Denuncia la recurrente (i) la improcedencia de argumentar el supuesto error en el consentimiento en la falta de firma del Contrato Marco de Operaciones Financieras, (ii) la inexistencia de error invalidante del consentimiento, falta de información previa y/o indeterminación del objeto, y (iii) la inexcusabilidad del supuesto error.

La parte actora se opone a la apelación, e interesa la confirmación de la sentencia de instancia, con imposición de las costas de la alzada a la recurrente.
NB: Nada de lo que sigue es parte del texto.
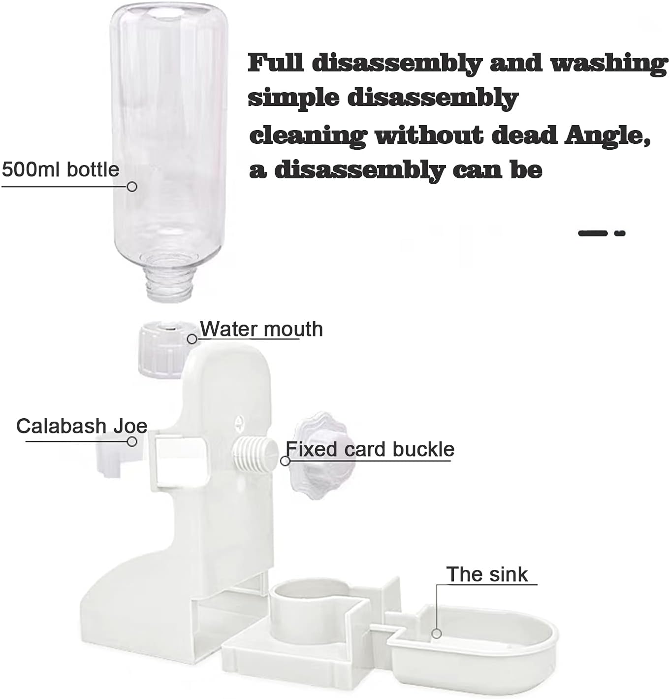 - 【500ml/17oz Water Bottle】Our water dispenser is made of non-toxic and durable plastic. large capacity water feeder, no longer need to worry about your pet has not enough water to drink if you are not home all day.Water bottle holder is suitable for most cages.
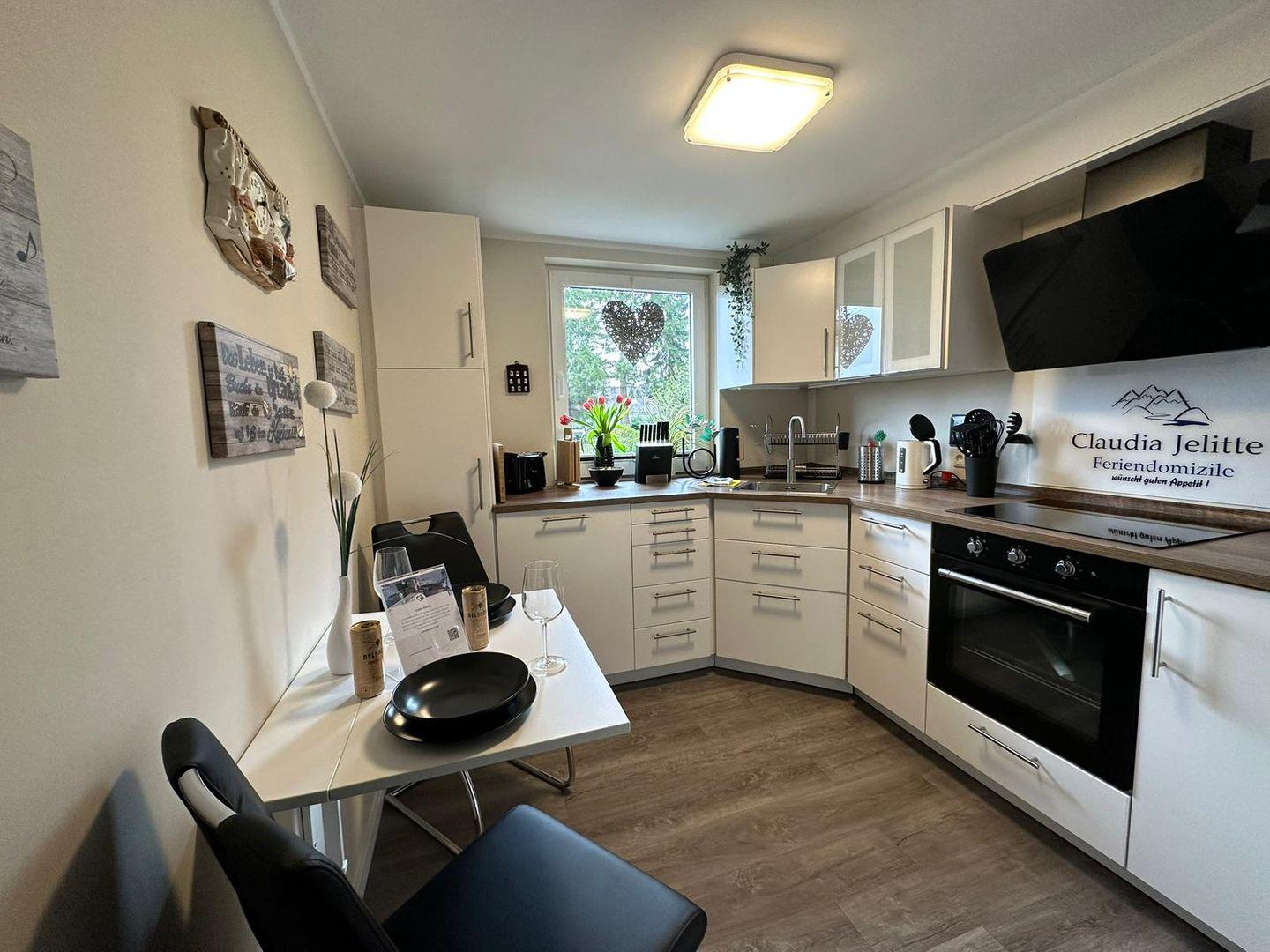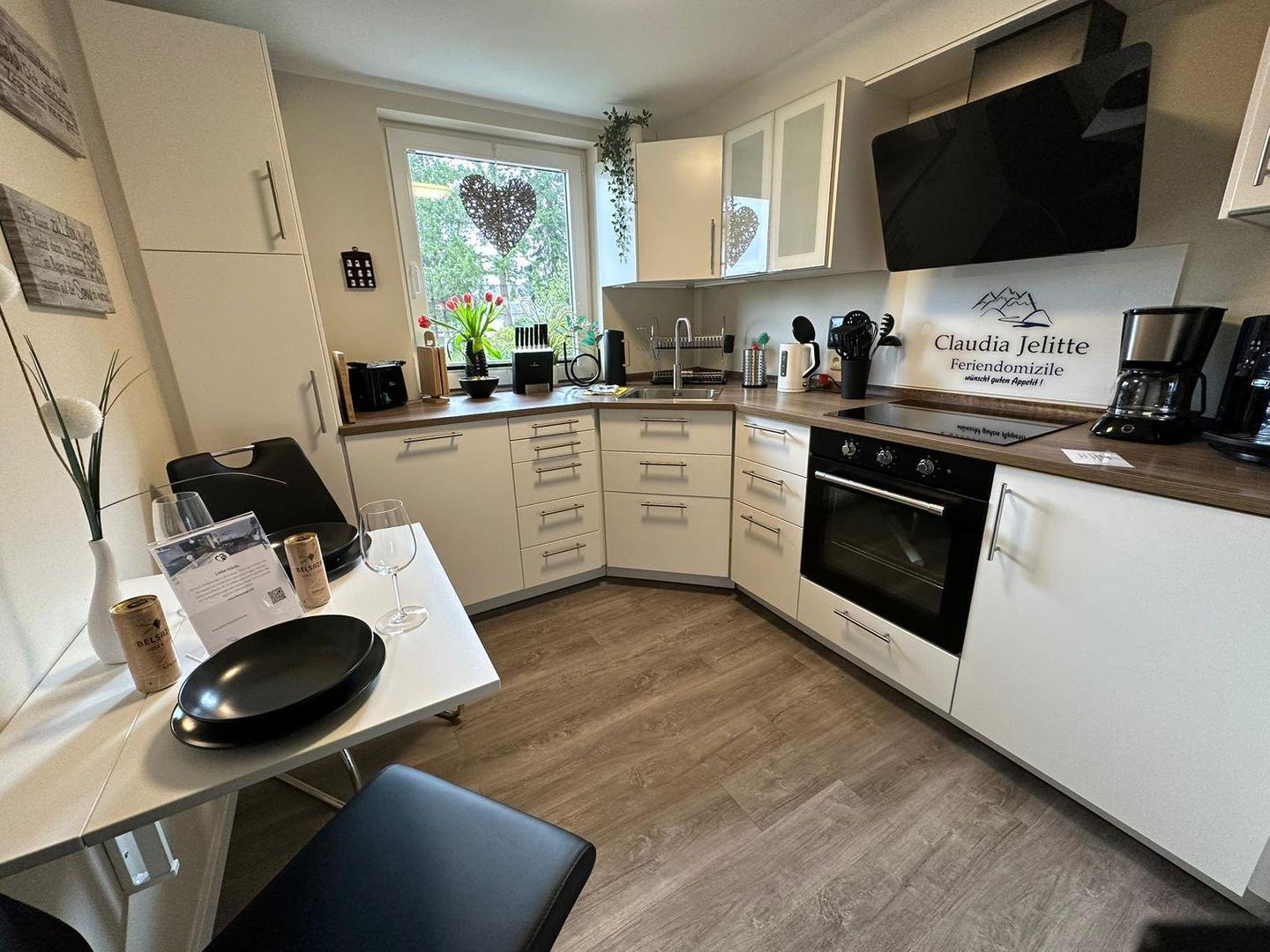 Die voll ausgestattete Küche lässt keine Wünsche offen. Hier finden Sie alles, was Sie für die Zubereitung köstlicher Mahlzeiten benötigen: einen Herd, Backofen, Geschirrspüler, Kühlschrank und sogar ein Kaffee-Vollautomat und einen Toaster. Zudem stehen Ihnen Küchenutensilien und Gewürze zur Verfügung, sodass Sie gleich nach Ihrer Ankunft mit dem Kochen beginnen können.

CUARTO.- Planteado el debate en esta segunda instancia en los indicados términos, comenzaremos por advertir que el mismo queda reducido, en un primer momento, a analizar los posibles defectos de información acerca del producto financiero suscrito entre las entidades ahora litigantes determinantes de su nulidad, de modo que las otras cuestiones suscitadas por la actora con carácter subsidiario en su demanda (falta de poder de la persona que firmó en nombre de POLIGRAS) tan sólo deberán ser objeto de análisis para el caso de que consideremos que la información facilitada por BBVA resultó suficiente y, por tanto, no cabe predicar la nulidad del contrato por vicio de consentimiento en la actora.

Pues bien, veamos lo acontecido en las relaciones habidas entre los ahora litigantes:

1º La mercantil POLIGRÀS tiene por objeto social la fabricación, venta e instalación de recubrimientos para toda clase de superficies, así como la inversión y promoción inmobiliaria, la explotación de toda clase de instalaciones y la construcción de todo tipo de obra; ajena por tanto a toda operativa de especulación financiera.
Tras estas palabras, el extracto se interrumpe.